▶ **Directions**
Every entry is to be returned unchanged, and no picture is to be included.

(Dataset excerpts)

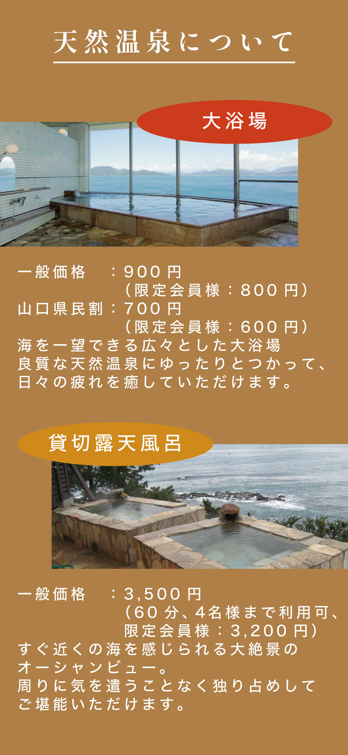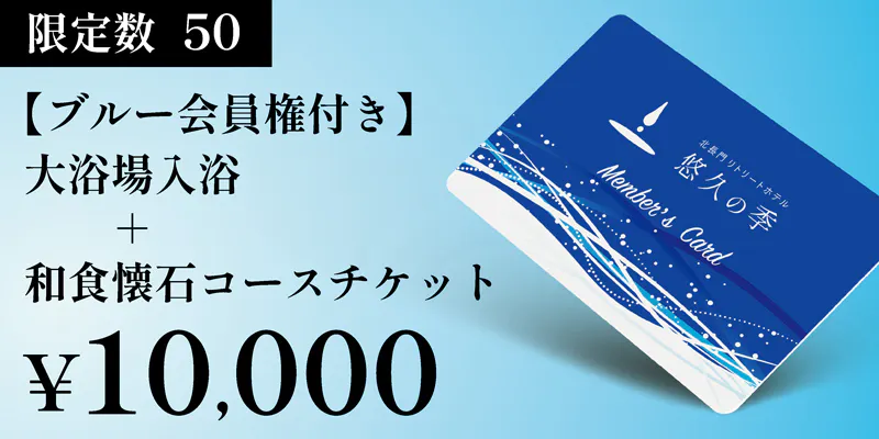 ※温泉がオープンするまでの間、宿泊の方に黄波戸温泉の利用券と、悠久の季の館内利用チケットを5,000円分お渡しいたします。
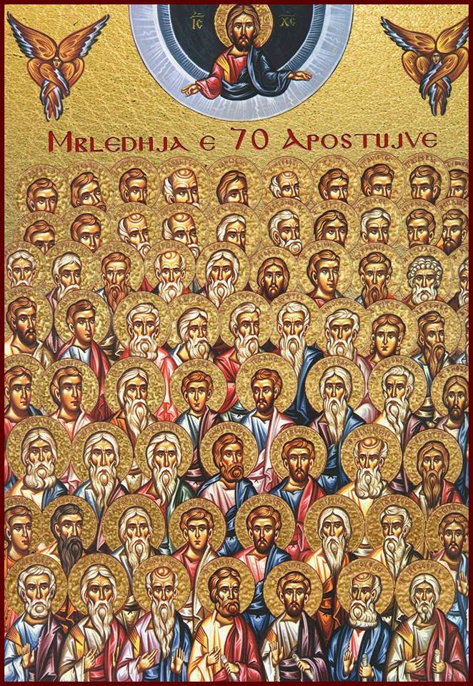 Pasi zgjodhi dymbëdhjetë apostujt e Tij, shokë rrugëtimi dhe dishepuj të privilegjuar, të cilëve u rezervoi mësimet e Tij më të larta, Zoti ynë Jisu Krisht zgjodhi 70 (sipas të tjerëve 72) dishepuj të tjerë, mes numrit të madh të atyre që e ndiqnin, për të shkuar para Tij, pa trastë, pa sandale, dhe të përgatisnin ardhjen e Tij në çdo qytet dhe vend ku kalonin, duke kryer mrekulli dhe duke shpallur se Mbretëria e Perëndisë është afër (Lluk. 10). Këtij numri, simboli i përsosmërisë dhe i shumicës (7, numër i përsosur, dhe 10, shenjë e sasisë), i shtohen dhe dishepuj të tjerë që braktisën gjithçka për të ndjekur Krishtin dhe, që nga Ngjitja e Tij në Qiej deri në Pentikosti, qëndronin në dhomën e sipërme, duke këmbëngulur në lutje.
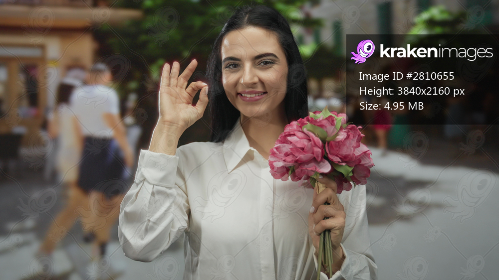 Young hispanic woman outside on a street holding a vibrant flower bouquet and making an okay gesture, embodying positivity and elegance in an urban setting. - Kraken Images
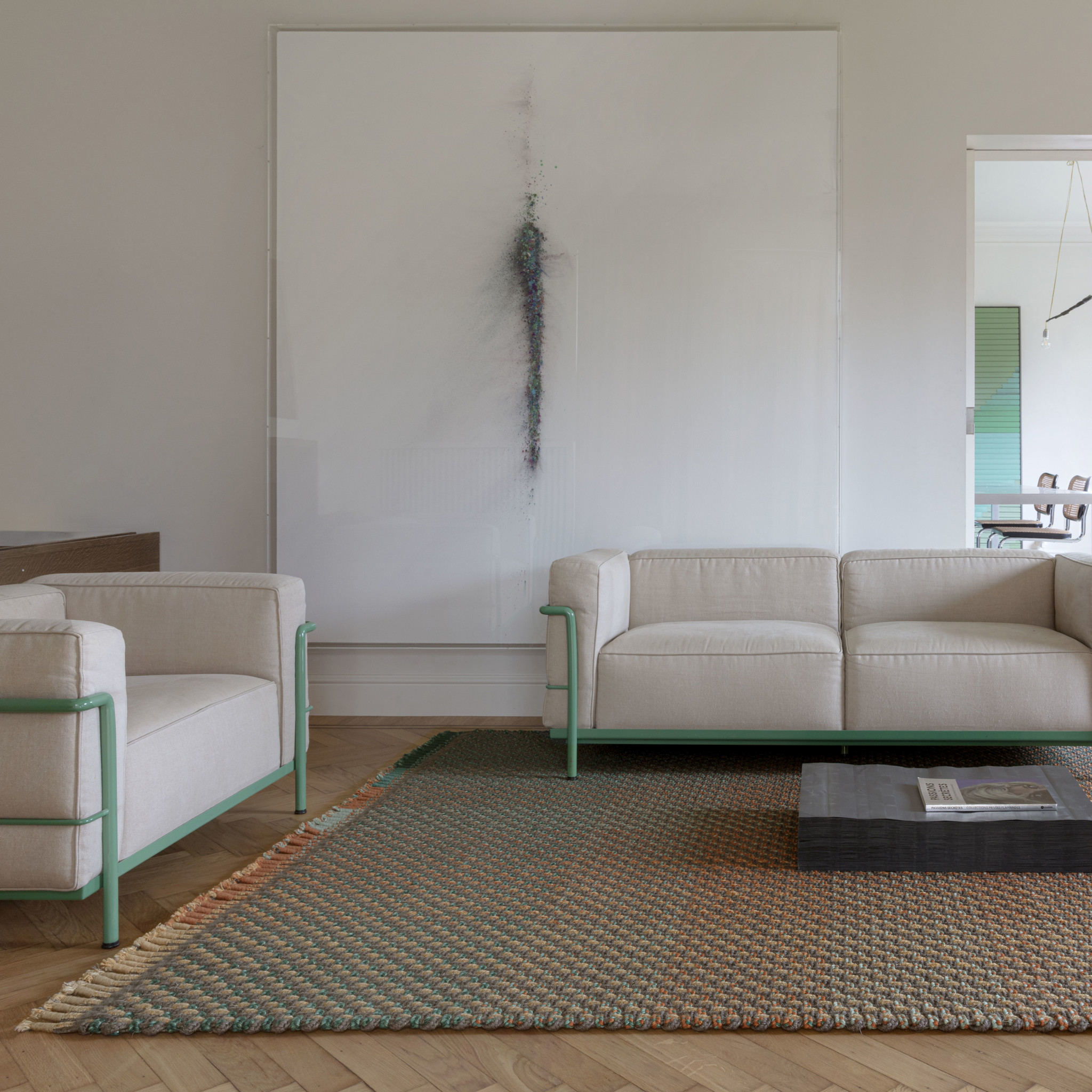 The limited edition rug "Omega Window Rug" showcases post-impressionist aesthetics in hand-dyed wool.
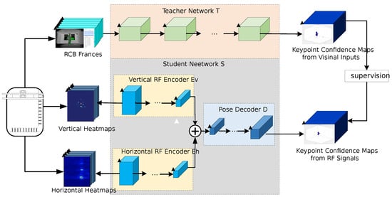 Traditional through-wall radar methods for target pose recognition primarily rely on directly extracting target pose information from radar echo signals. However, this approach is plagued by issues such as information loss, difficulty in capturing pose diversity, complex feature engineering, and inadequacy in adapting to complex scenarios. In the field of computer vision, the estimation of human body pose is commonly categorized into two approaches: top-down and bottom-up. The top-down approach involves initially detecting each person in the image and then applying a single-person pose estimator to extract keypoint information, as evidenced by prior works [,,,]. In contrast, the bottom-up approach, as demonstrated in previous studies [,,], first detects all keypoints in the image and then associates keypoints of the same target through a post-processing procedure. Radar echo images often struggle with clear target identification but can provide limited information about the positions of target keypoints. Furthermore, compared to traditional RGB-D sensors and external sensors like Vicon [,], radar signals have the advantage of being less susceptible to interference from walls and other opaque structures.
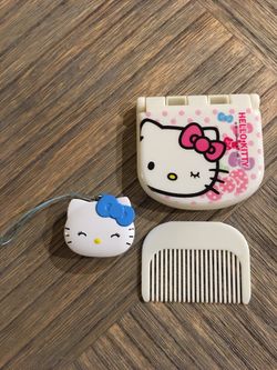 Hello Kitty chin and mirror compact with bonus Hello Kitty hanging charm A blue charm. Ohh so cute Hello Kitty with pink bow Removable mirror to h$8Temecula, CA
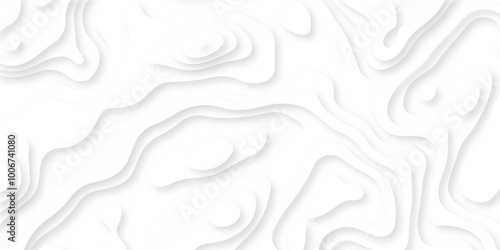 Vector white art papercut design Topographic geometric map relief texture with curved layers. Abstract luxury white modern 3d papercut, topography map circle and wave line smooth.
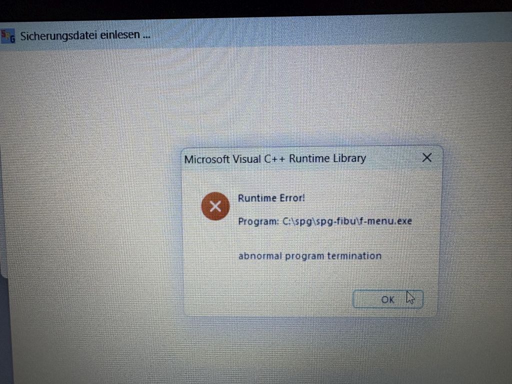 ich bekomme hin und wieder einen Runtime Error bei der Rücksicherung einer Datensicherung, Dies passiert i.d.R. wenn ich z.B. diverse Buchungen vorgenommen habe, dabei Fehler festgestellt habe und dann die letzte Sicherung einspielen will. Bei Auswahl der Datensicherungsdatei bekomme ich einen Runtime Error (sh. angehängte Fehlermeldung) und das Programm stürzt ab. Ist da eine Ursache für bekannt?
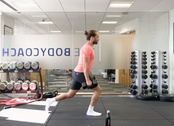 动作三:哑铃向后箭步蹲
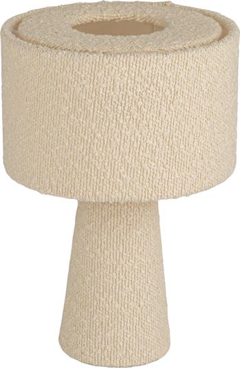 This Round Fabric and Metal Table Lamp, featuring an inline switch and a sleek white finish, is a stylish addition to any modern, Scandinavian, boho, or global interior. Made of durable polyester and PVC with a sturdy metal frame, this lamp combines durability with contemporary design. It requires one standard bulb with a maximum wattage of 20 watts, providing a soft, ambient light. This table lamp adds elegance and functionality to any space, measuring 7.75 inches in diameter and 11.75 inches in height. With its versatile design and neutral color palette, this lamp can easily complement various decor styles. The compact size makes it perfect for bedside tables, desks, or small accent tables in living rooms or bedrooms.
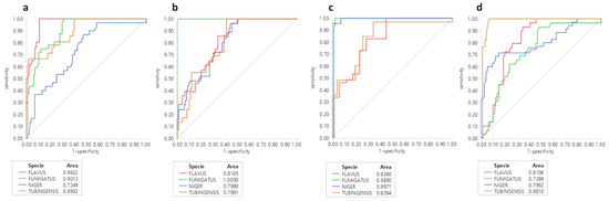 Figure 3 shows the results of the ROC curves obtained for the selected primers, where a species-specific correlation was observed with areas greater than 0.95 for the following primers: OPC-06, with an area of 0.9632 for A. flavus; OPF-01, with an area of 1.0000 for A. fumigatus; OPF-07, with an area of 0.9971 for A. niger and OPG-13, with an area of 0.9810 for A. tubingensis.
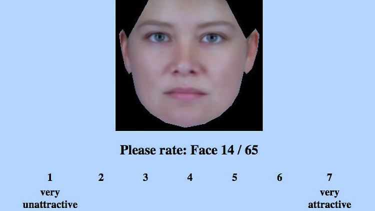 Der Screenshot aus einer Online-Studie zeigt ein Gesicht, das mit Noten von eins bis sieben hinsichtlich der Attraktivität bewertet werden konnte.
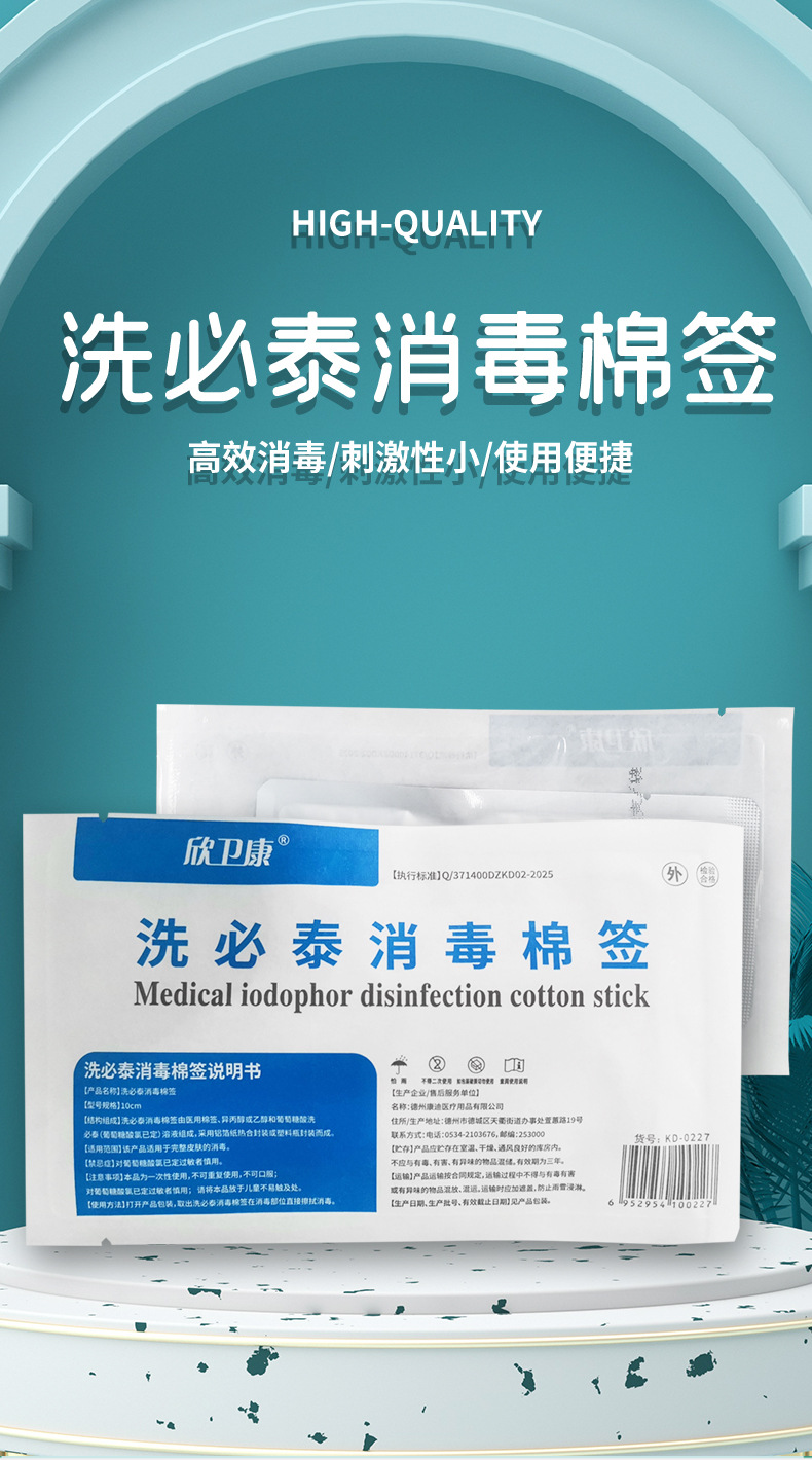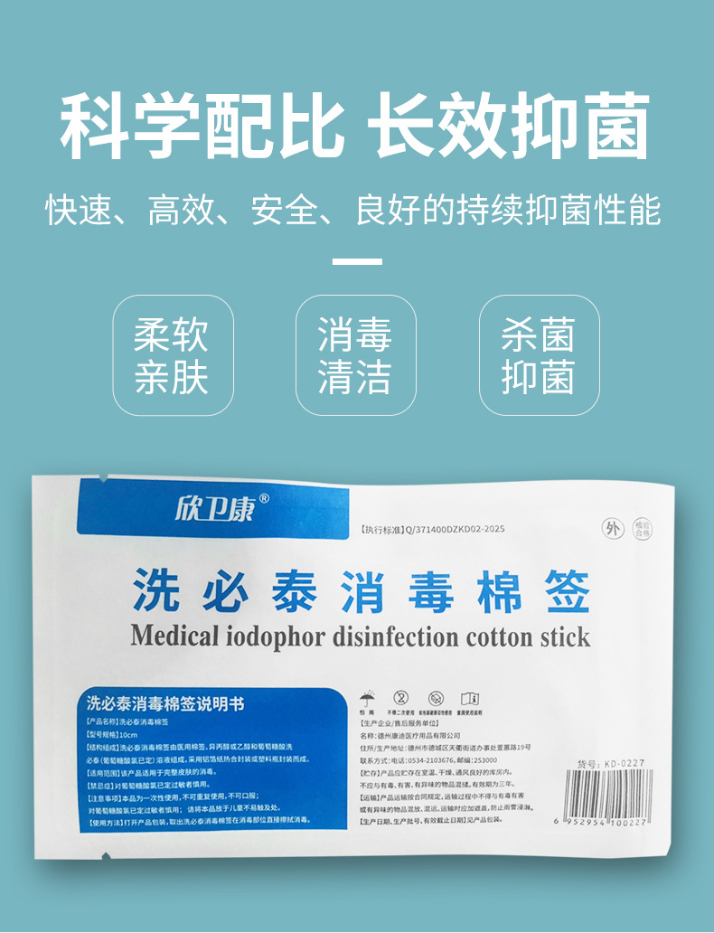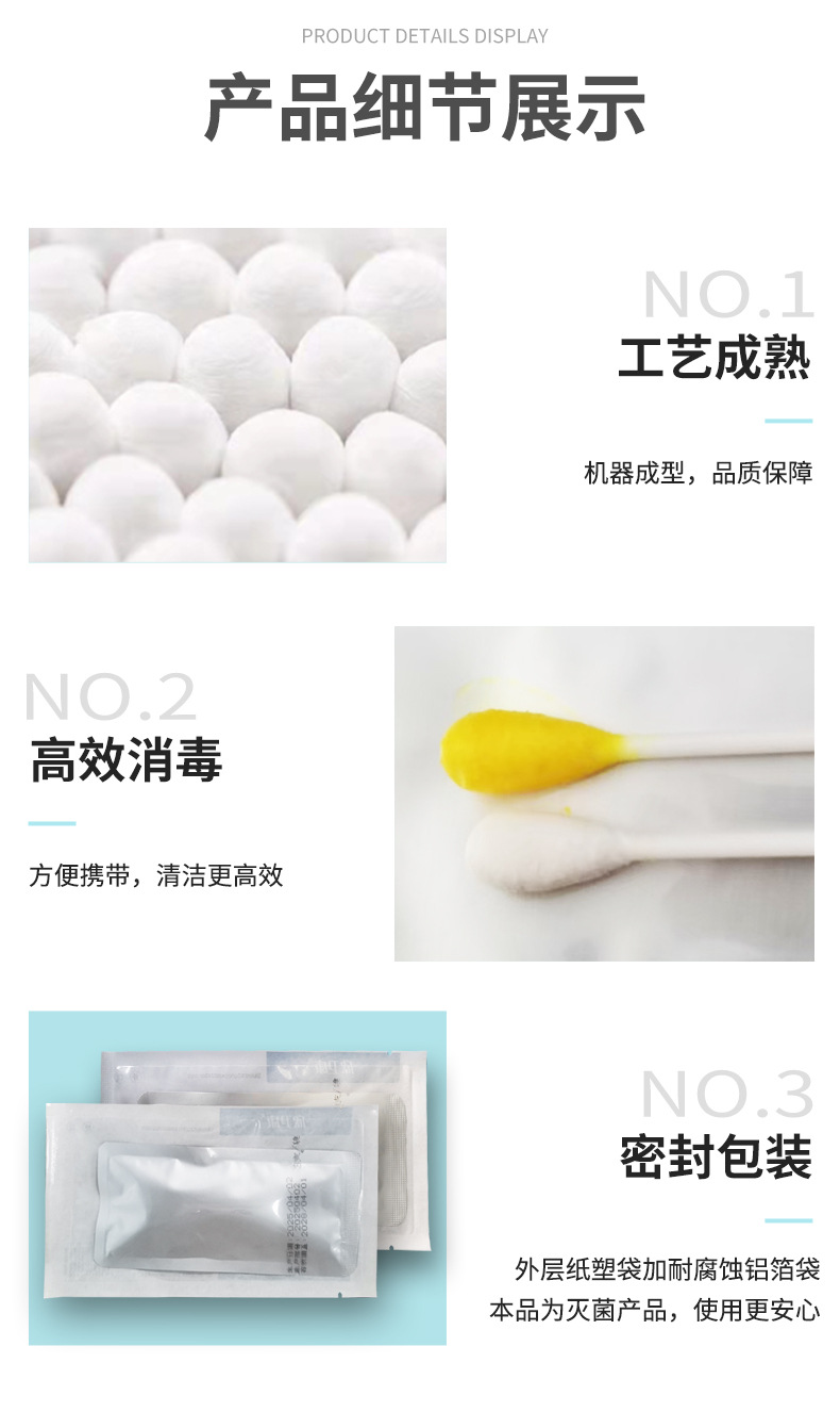 欣卫康消毒棉签耳鼻喉专用细长一次性医疗棉棒洗必泰消毒棉签棉签

▶ **Solution to this exercise**
 ※温泉がオープンするまでの間、宿泊の方に黄波戸温泉の利用券と、悠久の季の館内利用チケットを5,000円分お渡しいたします。
 Pasi zgjodhi dymbëdhjetë apostujt e Tij, shokë rrugëtimi dhe dishepuj të privilegjuar, të cilëve u rezervoi mësimet e Tij më të larta, Zoti ynë Jisu Krisht zgjodhi 70 (sipas të tjerëve 72) dishepuj të tjerë, mes numrit të madh të atyre që e ndiqnin, për të shkuar para Tij, pa trastë, pa sandale, dhe të përgatisnin ardhjen e Tij në çdo qytet dhe vend ku kalonin, duke kryer mrekulli dhe duke shpallur se Mbretëria e Perëndisë është afër (Lluk. 10). Këtij numri, simboli i përsosmërisë dhe i shumicës (7, numër i përsosur, dhe 10, shenjë e sasisë), i shtohen dhe dishepuj të tjerë që braktisën gjithçka për të ndjekur Krishtin dhe, që nga Ngjitja e Tij në Qiej deri në Pentikosti, qëndronin në dhomën e sipërme, duke këmbëngulur në lutje.
 Young hispanic woman outside on a street holding a vibrant flower bouquet and making an okay gesture, embodying positivity and elegance in an urban setting. - Kraken Images
 The limited edition rug "Omega Window Rug" showcases post-impressionist aesthetics in hand-dyed wool.
 Traditional through-wall radar methods for target pose recognition primarily rely on directly extracting target pose information from radar echo signals. However, this approach is plagued by issues such as information loss, difficulty in capturing pose diversity, complex feature engineering, and inadequacy in adapting to complex scenarios. In the field of computer vision, the estimation of human body pose is commonly categorized into two approaches: top-down and bottom-up. The top-down approach involves initially detecting each person in the image and then applying a single-person pose estimator to extract keypoint information, as evidenced by prior works [,,,]. In contrast, the bottom-up approach, as demonstrated in previous studies [,,], first detects all keypoints in the image and then associates keypoints of the same target through a post-processing procedure. Radar echo images often struggle with clear target identification but can provide limited information about the positions of target keypoints. Furthermore, compared to traditional RGB-D sensors and external sensors like Vicon [,], radar signals have the advantage of being less susceptible to interference from walls and other opaque structures.
 Hello Kitty chin and mirror compact with bonus Hello Kitty hanging charm A blue charm. Ohh so cute Hello Kitty with pink bow Removable mirror to h$8Temecula, CA
 Vector white art papercut design Topographic geometric map relief texture with curved layers. Abstract luxury white modern 3d papercut, topography map circle and wave line smooth.
 ich bekomme hin und wieder einen Runtime Error bei der Rücksicherung einer Datensicherung, Dies passiert i.d.R. wenn ich z.B. diverse Buchungen vorgenommen habe, dabei Fehler festgestellt habe und dann die letzte Sicherung einspielen will. Bei Auswahl der Datensicherungsdatei bekomme ich einen Runtime Error (sh. angehängte Fehlermeldung) und das Programm stürzt ab. Ist da eine Ursache für bekannt?
 动作三:哑铃向后箭步蹲
 This Round Fabric and Metal Table Lamp, featuring an inline switch and a sleek white finish, is a stylish addition to any modern, Scandinavian, boho, or global interior. Made of durable polyester and PVC with a sturdy metal frame, this lamp combines durability with contemporary design. It requires one standard bulb with a maximum wattage of 20 watts, providing a soft, ambient light. This table lamp adds elegance and functionality to any space, measuring 7.75 inches in diameter and 11.75 inches in height. With its versatile design and neutral color palette, this lamp can easily complement various decor styles. The compact size makes it perfect for bedside tables, desks, or small accent tables in living rooms or bedrooms.
 Figure 3 shows the results of the ROC curves obtained for the selected primers, where a species-specific correlation was observed with areas greater than 0.95 for the following primers: OPC-06, with an area of 0.9632 for A. flavus; OPF-01, with an area of 1.0000 for A. fumigatus; OPF-07, with an area of 0.9971 for A. niger and OPG-13, with an area of 0.9810 for A. tubingensis.
 Der Screenshot aus einer Online-Studie zeigt ein Gesicht, das mit Noten von eins bis sieben hinsichtlich der Attraktivität bewertet werden konnte.
 欣卫康消毒棉签耳鼻喉专用细长一次性医疗棉棒洗必泰消毒棉签棉签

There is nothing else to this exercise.